花火 173 | 嵐さんに愛を叫べ

嵐さんに愛を叫べ

相葉くんと櫻葉さんが大好き!です

モデルズも大宮さんも、その他CPも登場します。

腐ってますので、ご理解のあるオトナのお嬢さまのみ、自己責任でご覧ください。
男性と思われる方、商業目的と思われる方の読者申請、コメントは削除させていただきます。




「嘘じゃねぇ。なんかされた、なんて思ってねぇ。俺がしたかったんだよ」


曇りのない真っ直ぐな瞳に見つめられて、何も言うことが出来ずに下を向いた。


左腕に残るアザは、僕が、キミを離さなかったからできたもののはずなのに。

逃げ出そうとしても、逃げられなかったんでしょう?

『俺』がキミを離さなかったんだ。



「けど、結局なんも出来なかったから……


「それは違うよ、櫻井くん」


あの女から逃げるために、『俺』はキミを利用しようとしたんだよね?

そう考えれば、唇に残る感触にも説明がつく。


どうして、キミは僕を責めないの?

どうしてキミは、僕の近くにいてくれるの?

罵倒されたっておかしくないのに、どうしてキミは、泣いてるの?



「ずっと、居てくれたんでしょ?僕が変になっても」


「変って……ただ、俺が相葉さんのそばに居たかっただけだよ。

だけど、何もできなくて、自分が悔しくてどうしようもなくて、情けなくて……って、マジでカッコ悪すぎだ、俺」


どうして?って思うのに。

それ以上に、嬉しいと思うなんて。


その真っ直ぐな心は、誰かもっと……櫻井くんにふさわしい誰かに向けられるべきものなのに。
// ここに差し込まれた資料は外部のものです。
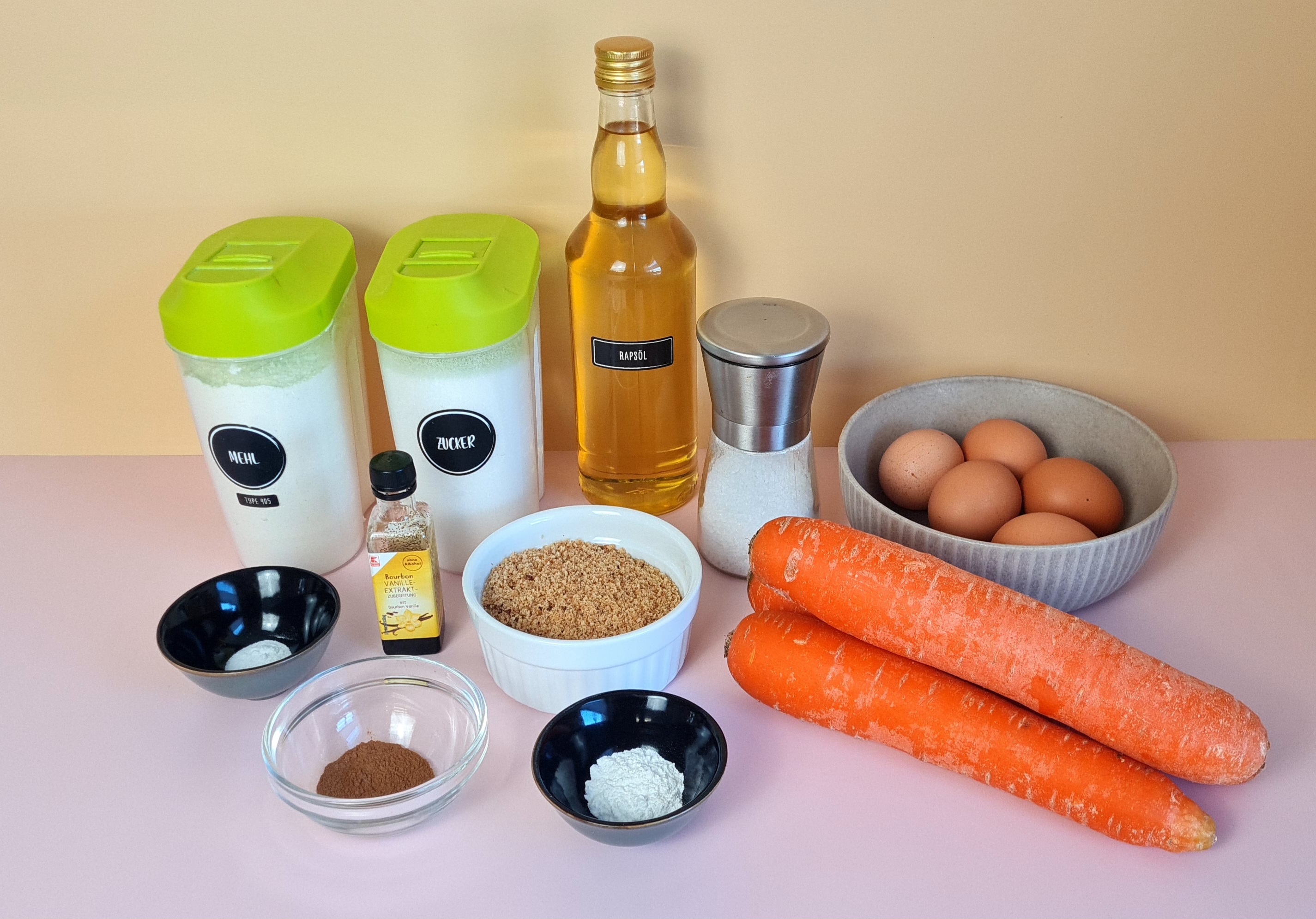 Für den Muffinteig die Eier zusammen mit dem Zucker auf höchster Stufe zu einer cremigen Masse schlagen. Währenddessen die Möhren schälen, in feine Streifen raspeln und die trockenen Zutaten in einer seperaten Schüssel vermischen. Nun das neutrale Speiseöl dazugeben und dann die geraspelten Möhren untermischen. Zum Schluss die trockenen Zutaten zur Masse sieben und unterheben.
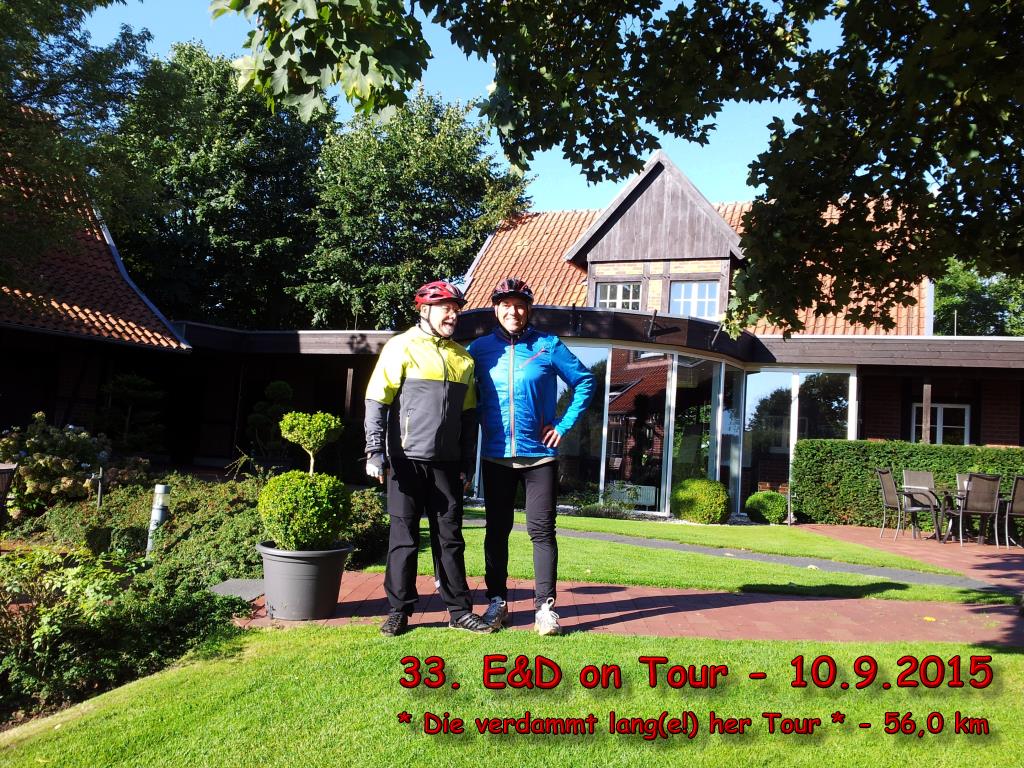 Seit Januar 2013 versuchen mein Nachbar Ernst und ich, nach einem gemeinsamen NeuJahrs-Vorsatz, wöchentlich zwei Radtouren von ca. 33-44 km zu fahren. Die Erfahrung hat jedoch gezeigt, dass es nur zu etwas mehr als 7 * 7 gemeinsame Fahrten im Jahr kommt. Das Wetter, Urlaub und berufliche Termine lassen einfach nicht mehr gemeinsame Touren zu.
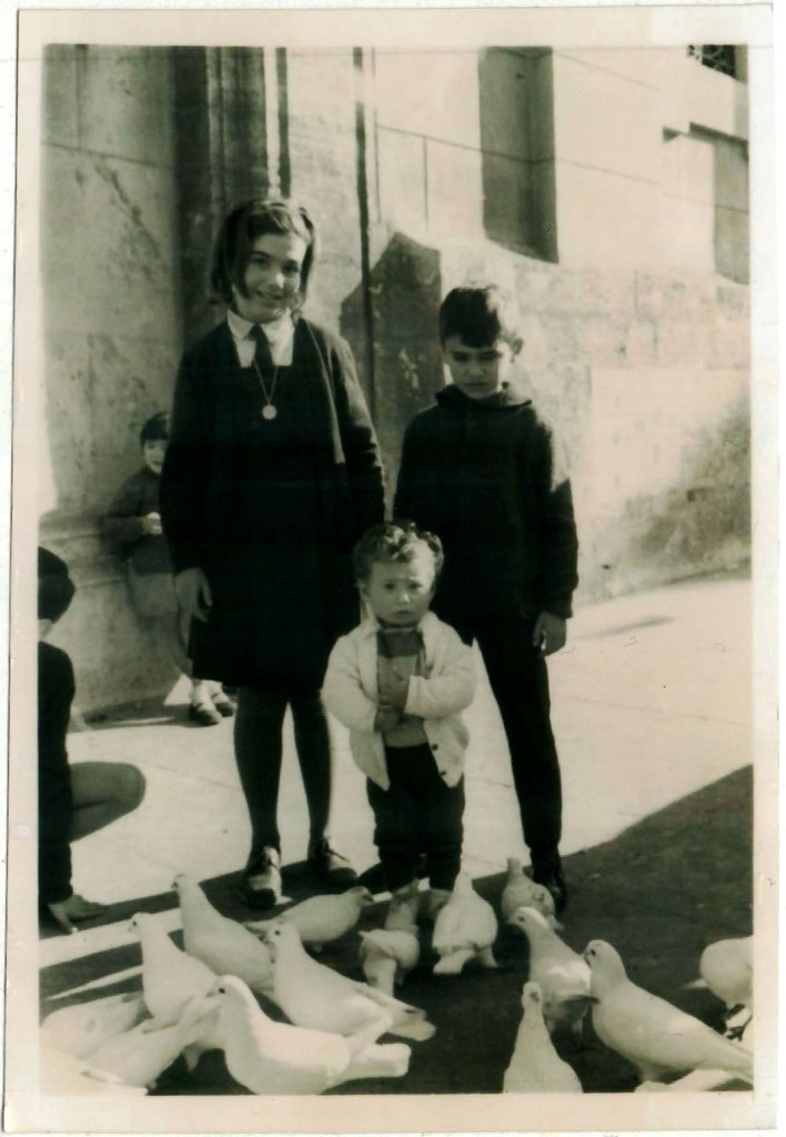 34- Els tres germans, Mari Ángeles, Francesc i Juan Ignacio, posant de nou per a son pare al voltant de 1963. Estan a la plaça de la Verge de València, davant de la Basílica de la Mare de Déu dels Desemparats. Mari Ángeles porta l’uniforme del col·legi de les Teresianes.
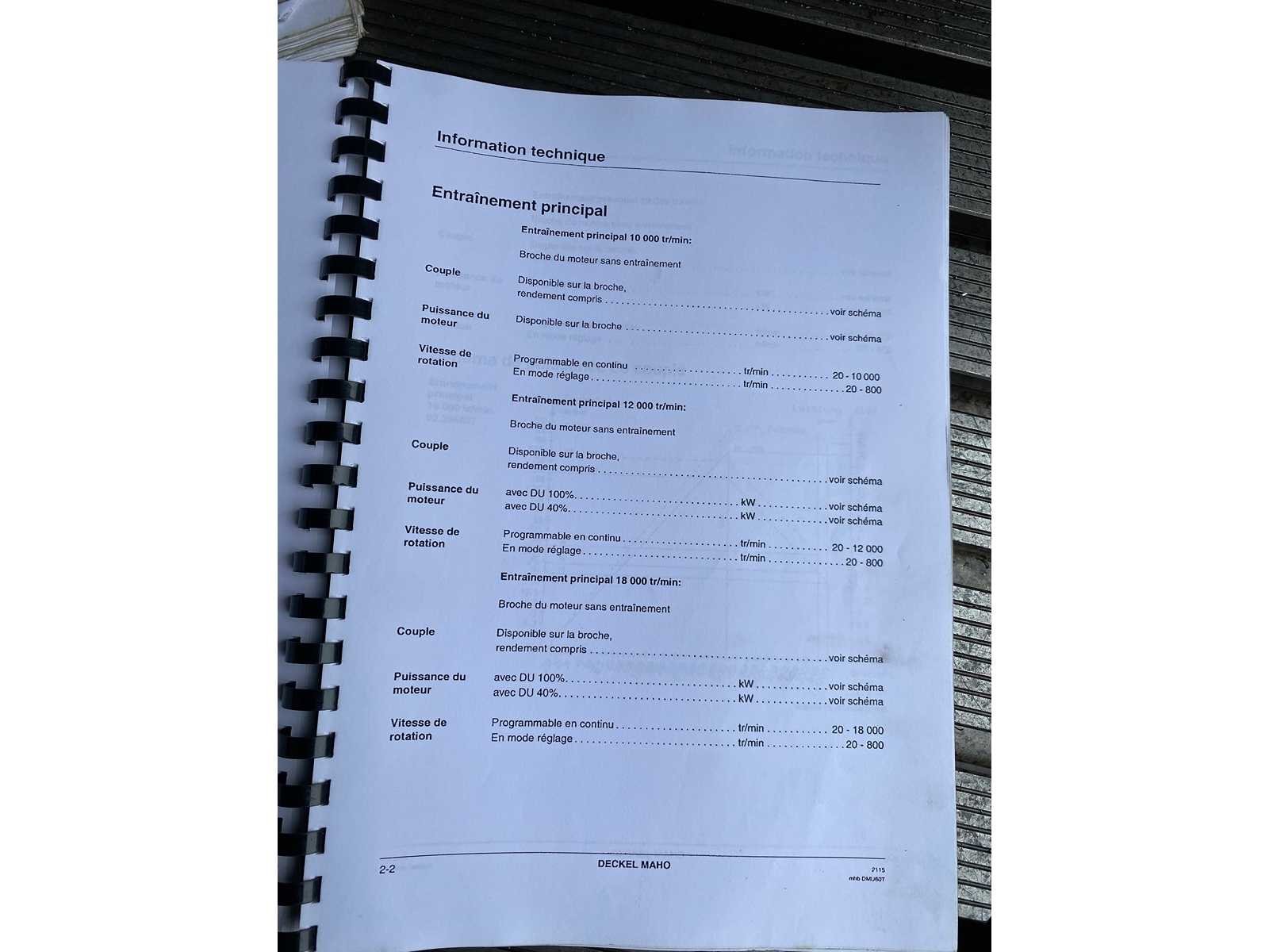 Incl. Filter Interlit SK200-760 Incl. Automatic toolholder Incl. Documents Incl. Video available Merk: Deckel MAHO Type: DMU 60T Bouwjaar: 2001 Verplaatsing x-as: 630mm Verplaatsing y-as: 560mm Verplaatsing z-as: 560mm Opname: ISO40 Snelheid tot n =: 10000rpm Tafel afmeting l: 1000mm Tafel afmeting b: 600mm Werkstuk gewicht max.: 400kg Machinegewicht: 6700kg Afmeting l: 3500mm Afmeting b: 2400mm Afmeting h: 2200mm GS Code: 84.596.190
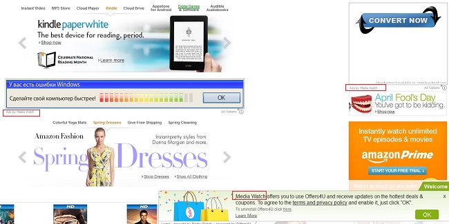 Ads by Media Watch can be displayed in your browser in the form of several advertisement banners of various sizes. Alternatively, they may be presented in the form of pop-ups that come up in front of you when you move your PC mouse towards some words in the text that have double underlining with a green color, being powered by Intext Nav-Links adware display engine. You will see very many of such ads whenever you open any websites, not necessarily the commercial ones. These advertisement banners will be marked as “Ads by Media Watch Ad Options” in their bottom parts. Also, you might see pretty big advertisement banners also related to Ads by Media Watch when you mainly visit commercial websites, such as Amazon, Walmart, Bestbuy and many others. These banners will be marked as “brought by Media Watch” and powered by Offers4U (another adware display platform).
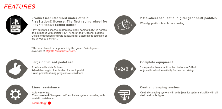- The First PlayStation 4 officially licensed Racing wheel, for all racing games on PlayStation 4; Official embedded firmware (allowing for automatic recognition of the wheel by the PS4)
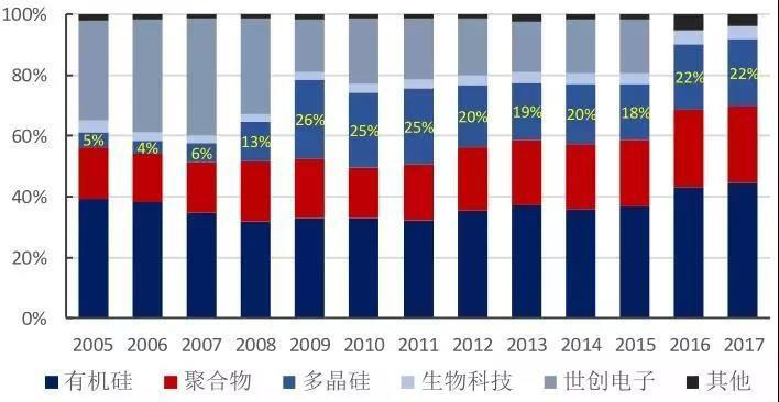瓦克是一家全球運營的化工集團,共有員工約14,500人,年銷售額約達49.8億歐元(2018年)。當前業(yè)務板塊包括有機硅、聚合物、多晶硅和生物科技等,并在有機硅、多晶硅及聚合物板塊中的乳膠粉和VAE共聚乳液等領域占據(jù)全球龍頭地位。近年來多晶硅板塊占公司整體營收的比重在20%左右。

そう分かっているのに、狡い僕は櫻井くんを抱きしめる。



「あいば……さん?」


「ごめん、少しだけ」



ごめん、櫻井くん……


少しだけ、甘えさせて。

あと、ほんの少しだけ。



櫻井くんの手が、そっと僕の背中に回る。


その手を、離したくないなんて思っちゃいけない。



「ごめんね」


離れようとした僕を、櫻井くんの腕が引き寄せる。



「相葉さん、ごめん……ごめん、なんだけどさ……


「え?」


……腹減った」


「ぶっ……


思わず吹き出して、櫻井くんが困った顔で笑う。



「成長期なんだよ!」


「ふふ、うん。何かあったかな。すぐ作るから待ってて」


「スイマセン。お願いします」


しゅんって小さくなっちゃった櫻井くんの頭を、わしゃわしゃと撫でてから立ち上がった。